Goal of the exercise: Every record below should be written out exactly; pictures stay out.
*** Opening Material for this task ***
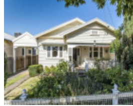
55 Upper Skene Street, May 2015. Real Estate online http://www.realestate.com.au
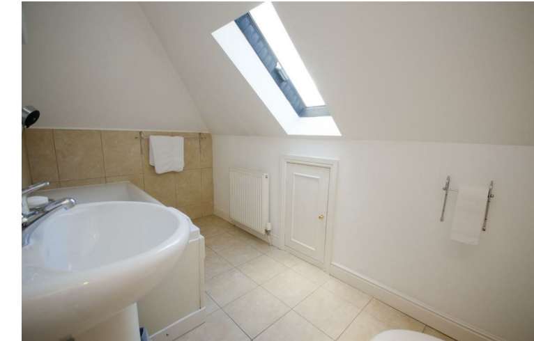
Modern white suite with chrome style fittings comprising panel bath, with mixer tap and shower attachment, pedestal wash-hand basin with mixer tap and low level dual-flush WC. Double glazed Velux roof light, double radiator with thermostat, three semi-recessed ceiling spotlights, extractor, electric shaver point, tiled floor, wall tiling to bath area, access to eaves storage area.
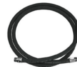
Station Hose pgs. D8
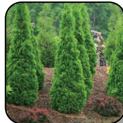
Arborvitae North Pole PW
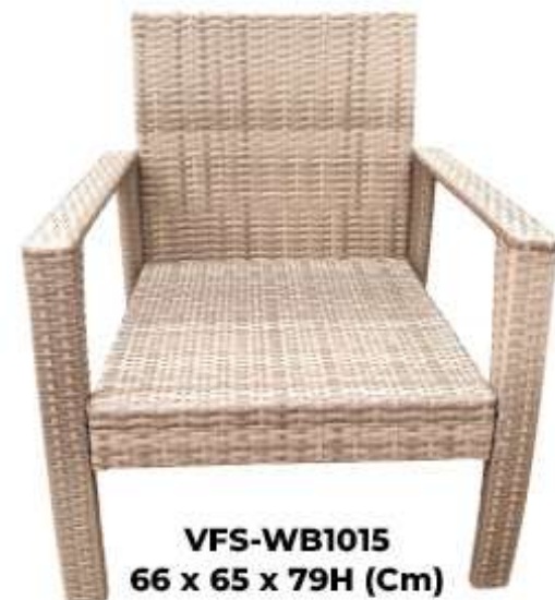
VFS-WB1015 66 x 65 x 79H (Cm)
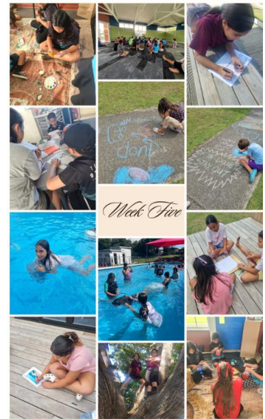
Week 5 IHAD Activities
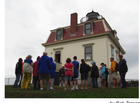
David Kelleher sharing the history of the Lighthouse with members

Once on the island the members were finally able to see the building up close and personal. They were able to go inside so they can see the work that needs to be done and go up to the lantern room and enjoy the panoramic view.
*** Closing Material for this task ***
Task answer:
55 Upper Skene Street, May 2015. Real Estate online http://www.realestate.com.au
Modern white suite with chrome style fittings comprising panel bath, with mixer tap and shower attachment, pedestal wash-hand basin with mixer tap and low level dual-flush WC. Double glazed Velux roof light, double radiator with thermostat, three semi-recessed ceiling spotlights, extractor, electric shaver point, tiled floor, wall tiling to bath area, access to eaves storage area.
Station Hose pgs. D8
Arborvitae North Pole PW
VFS-WB1015 66 x 65 x 79H (Cm)
Week 5 IHAD Activities
David Kelleher sharing the history of the Lighthouse with members

Once on the island the members were finally able to see the building up close and personal. They were able to go inside so they can see the work that needs to be done and go up to the lantern room and enjoy the panoramic view.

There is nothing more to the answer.